[[ RECORDS FOR THE EXERCISE open ]]

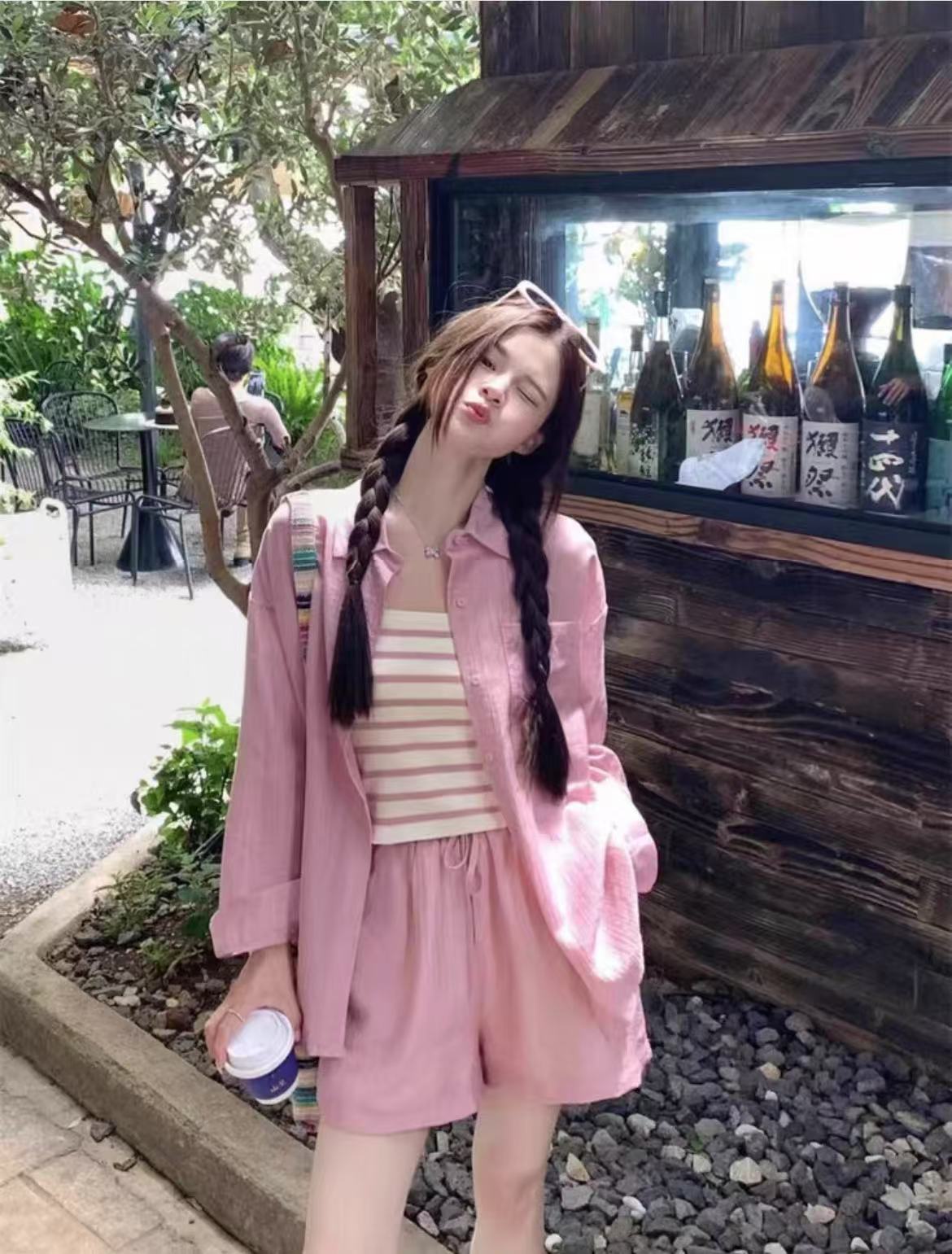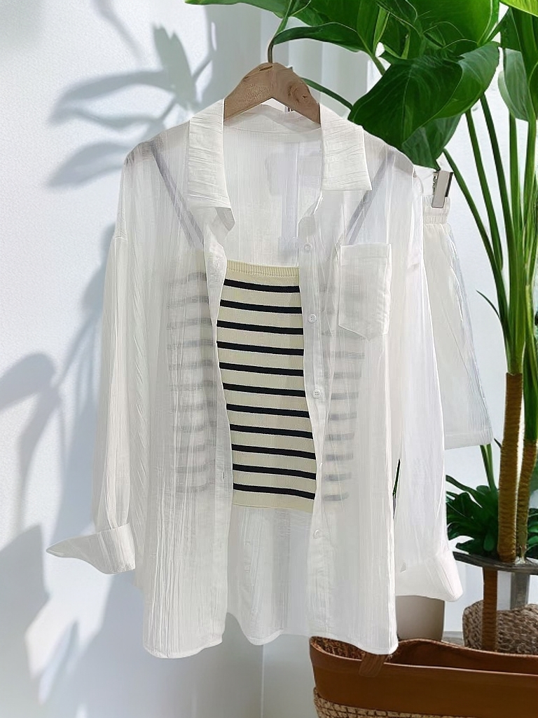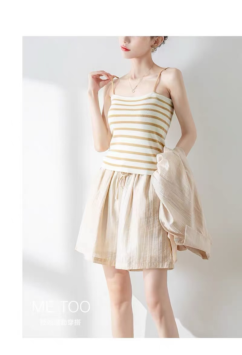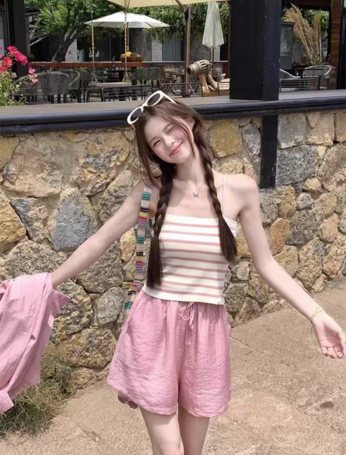 夏装搭配一整套【85%天丝】2025新款网红炸街防晒衬衫+背心➕短裤三件套装-喜出
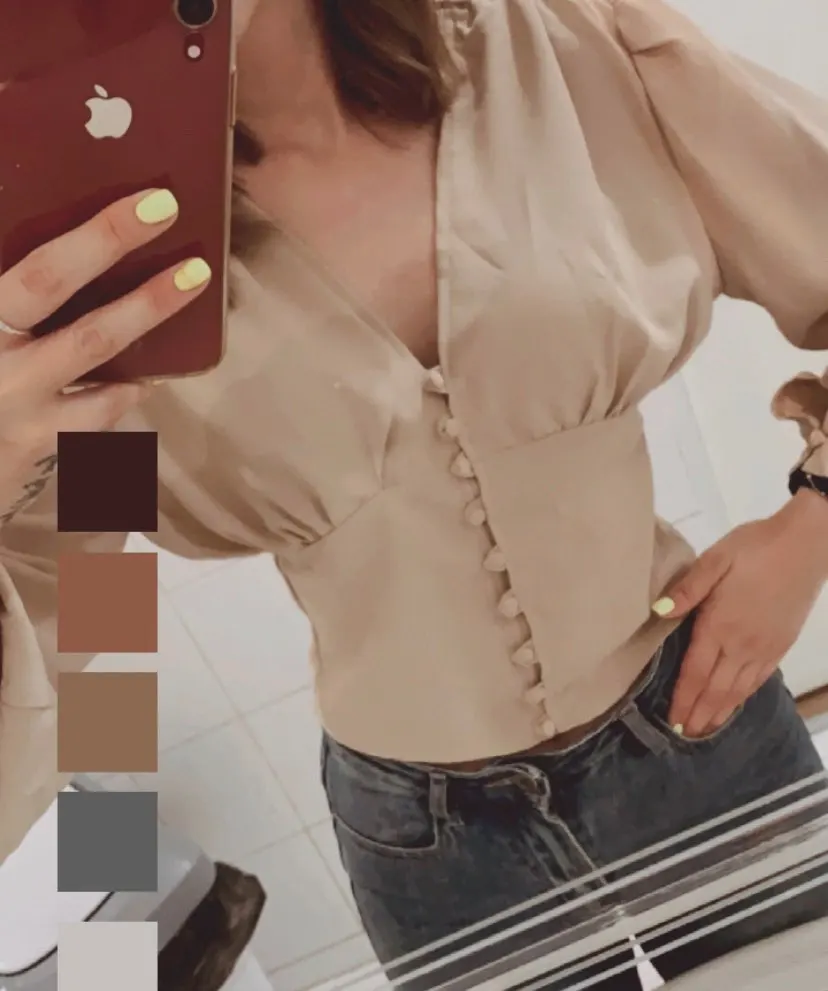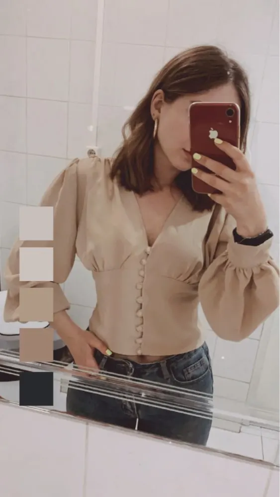 Blouse came quickly enough, the shade is pleasant, rather slightly darker than in the photo, for me a little big, sits not tight, loose, especially in the waist
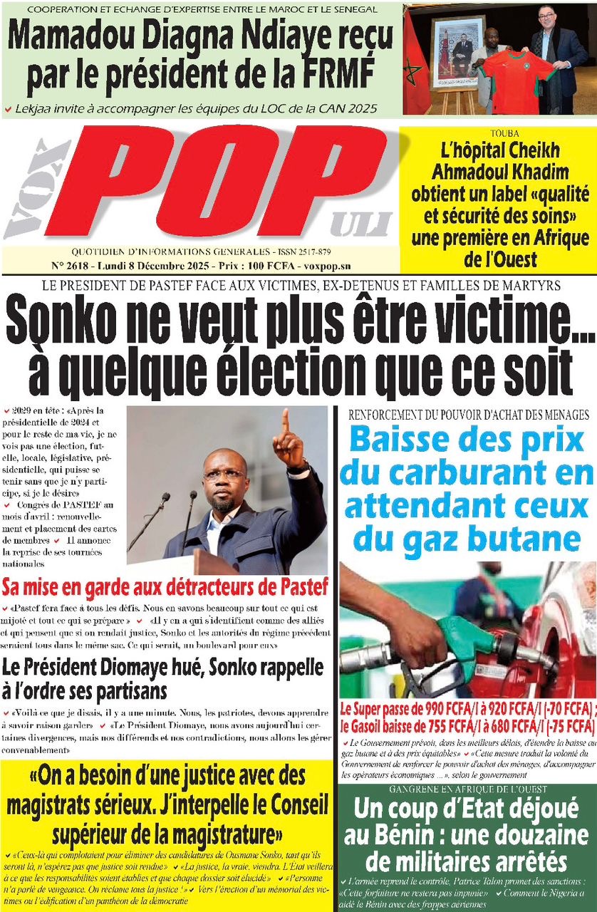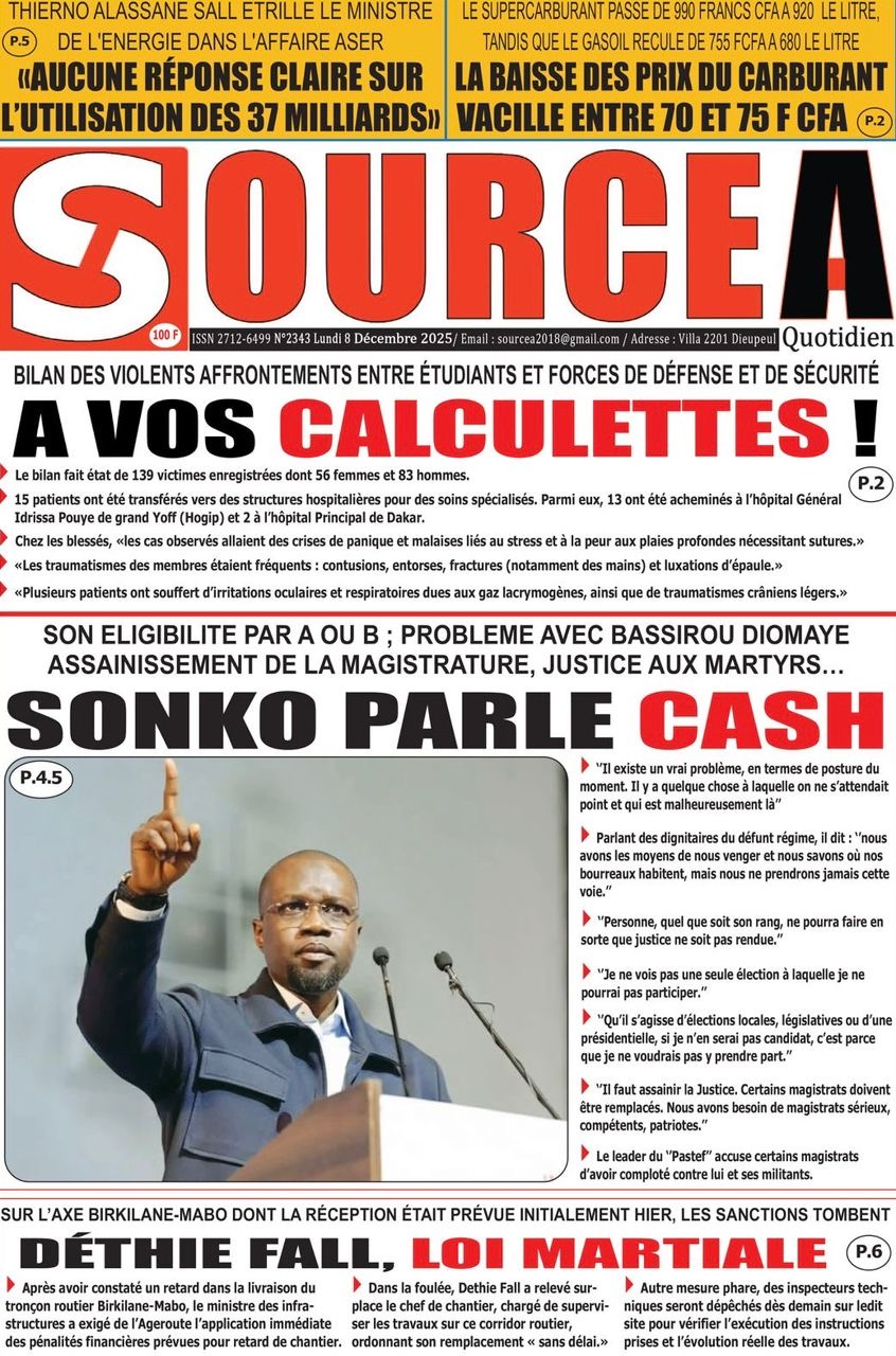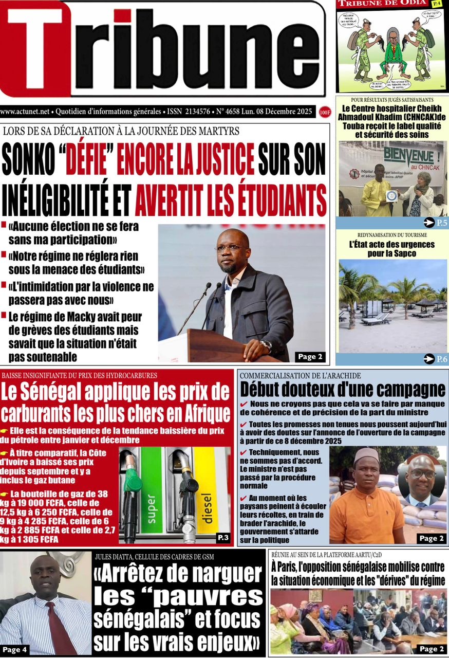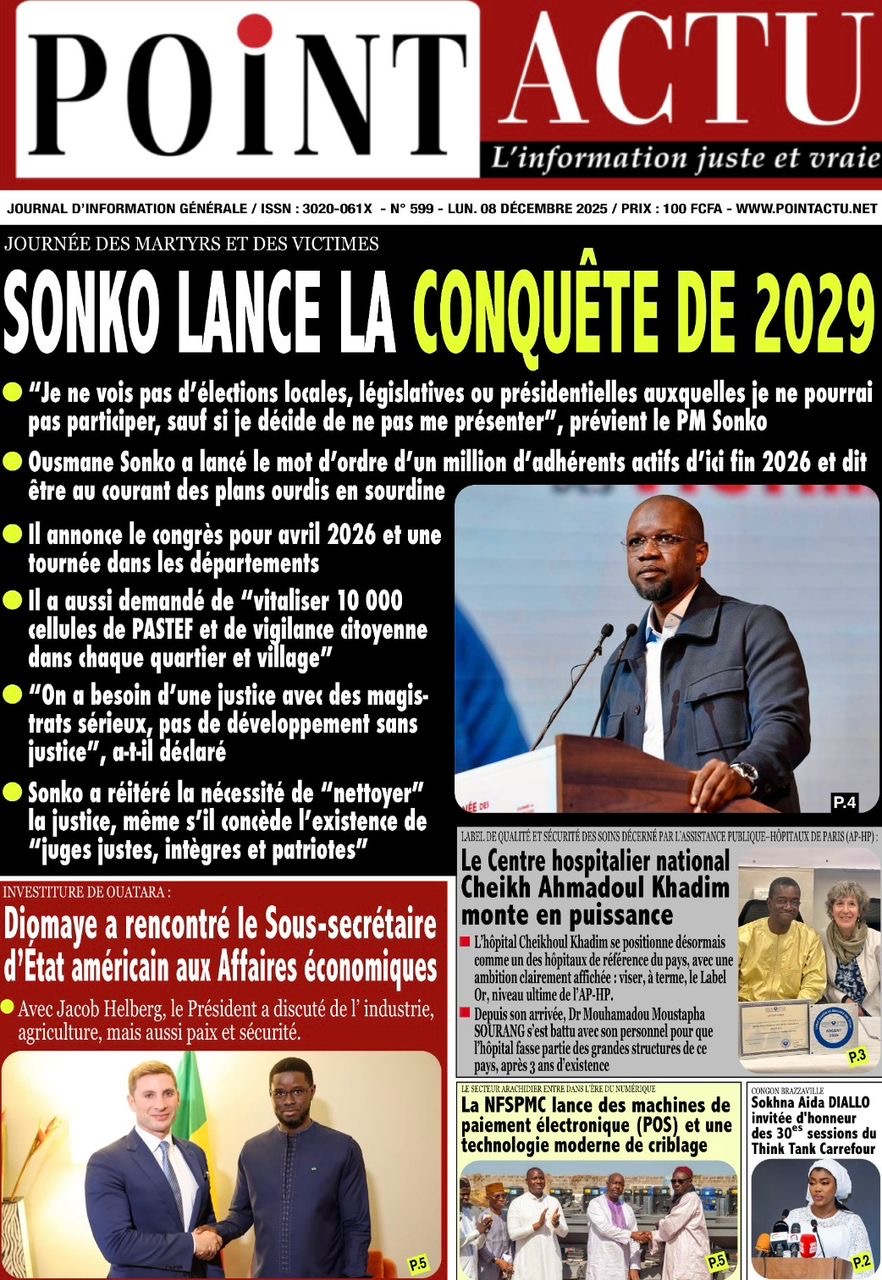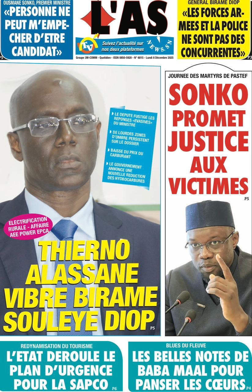 Les journaux sénégalais du lundi 07 décembre 2025 sont nombreux à revenir sur la journée des martyrs et victimes des violences politiques présidée par le Premier ministre Ousmane Sonko et sa déclaration sur son éligibilité.
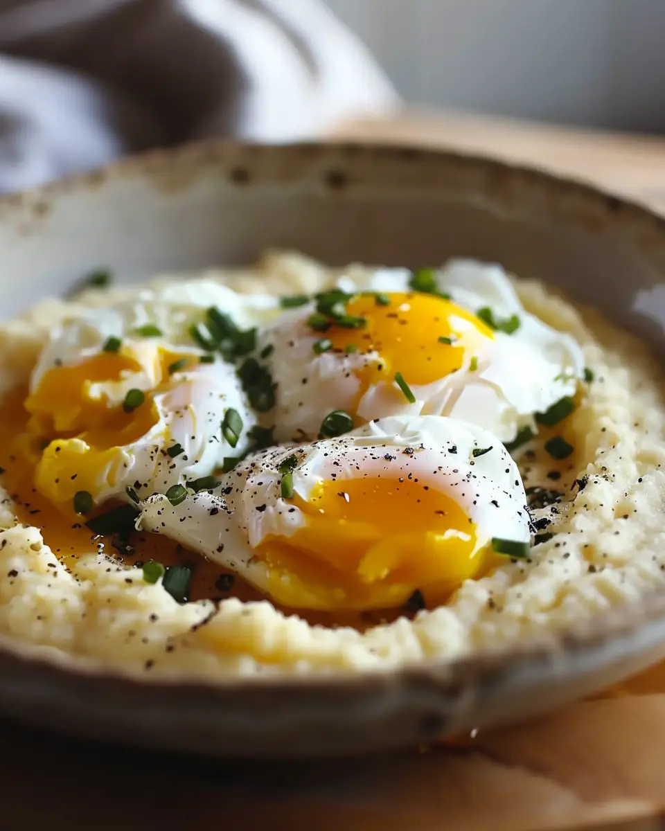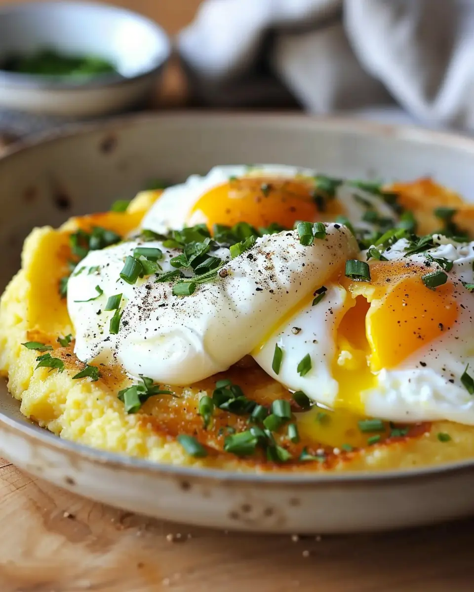 A delicious and comforting recipe for creamy polenta topped with perfectly poached eggs, ideal for a cozy meal.
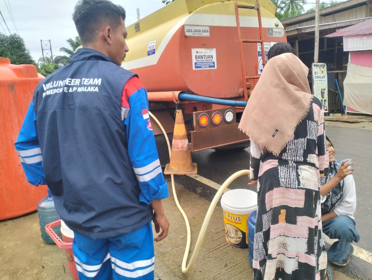Annanews.id || Aceh Timur, 4 Februari 2026 — PT Medco E & P Malaka (Medco E&P) bersama Badan Pengelola Migas Aceh (BPMA) terus berperan aktif dalam upaya pemulihan dampak bencana hidrometeorologi yang melanda Kabupaten Aceh Timur. Air bersih hingga saat ini menjadi salah satu kebutuhan korban bencana tersebut, karena itu salah satu bentuk dukungan tersebut melalui pendistribusian sebanyak 1,13 juta liter air bersih bagi masyarakat di 56 desa terdampak yang tersebar di lima kecamatan.
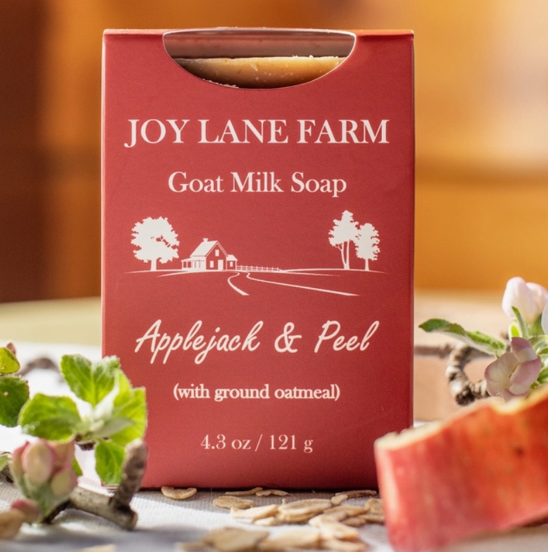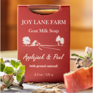 Applejack & Peel skin nourishing goat milk soap with ground oatmeal as a gentle exfoliant and a light apple scent with cinnamon, nutmeg, clove, orange, and cedarwood essential oils.
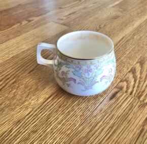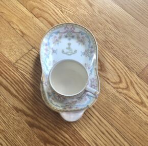 Cup has no chips, cracks, or crazing but the inside is a bit stained. The cup is marked “souvenir.” The tray has a few small hairlines and overall crazing with some discoloration in a few spots around the edges. This is not marked “souvenir” and is an in-service piece.
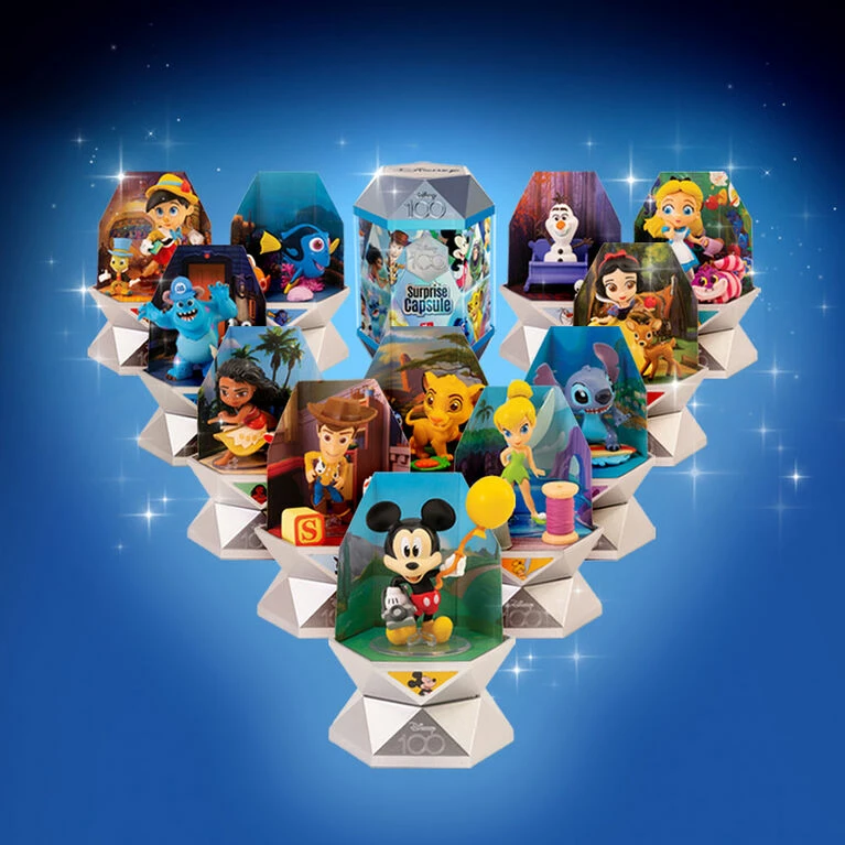 Bring the magic of Disney home with our Disney 100 Surprise Capsules! Use the interactive clue cards to reveal the surprise character and 2 accessories. Transform the capsule into a stand and display your collection! With an assortment of different characters (including Pixar!), find your favorite and collect them all!

[[ RECORDS FOR THE EXERCISE closed ]]

EXERCISE:
All lines above are to be restated word for word, with pictures excluded.

OUTPUT FOR THIS EXERCISE:
 夏装搭配一整套【85%天丝】2025新款网红炸街防晒衬衫+背心➕短裤三件套装-喜出
 Blouse came quickly enough, the shade is pleasant, rather slightly darker than in the photo, for me a little big, sits not tight, loose, especially in the waist
 Les journaux sénégalais du lundi 07 décembre 2025 sont nombreux à revenir sur la journée des martyrs et victimes des violences politiques présidée par le Premier ministre Ousmane Sonko et sa déclaration sur son éligibilité.
 A delicious and comforting recipe for creamy polenta topped with perfectly poached eggs, ideal for a cozy meal.
Annanews.id || Aceh Timur, 4 Februari 2026 — PT Medco E & P Malaka (Medco E&P) bersama Badan Pengelola Migas Aceh (BPMA) terus berperan aktif dalam upaya pemulihan dampak bencana hidrometeorologi yang melanda Kabupaten Aceh Timur. Air bersih hingga saat ini menjadi salah satu kebutuhan korban bencana tersebut, karena itu salah satu bentuk dukungan tersebut melalui pendistribusian sebanyak 1,13 juta liter air bersih bagi masyarakat di 56 desa terdampak yang tersebar di lima kecamatan.
 Applejack & Peel skin nourishing goat milk soap with ground oatmeal as a gentle exfoliant and a light apple scent with cinnamon, nutmeg, clove, orange, and cedarwood essential oils.
 Cup has no chips, cracks, or crazing but the inside is a bit stained. The cup is marked “souvenir.” The tray has a few small hairlines and overall crazing with some discoloration in a few spots around the edges. This is not marked “souvenir” and is an in-service piece.
 Bring the magic of Disney home with our Disney 100 Surprise Capsules! Use the interactive clue cards to reveal the surprise character and 2 accessories. Transform the capsule into a stand and display your collection! With an assortment of different characters (including Pixar!), find your favorite and collect them all!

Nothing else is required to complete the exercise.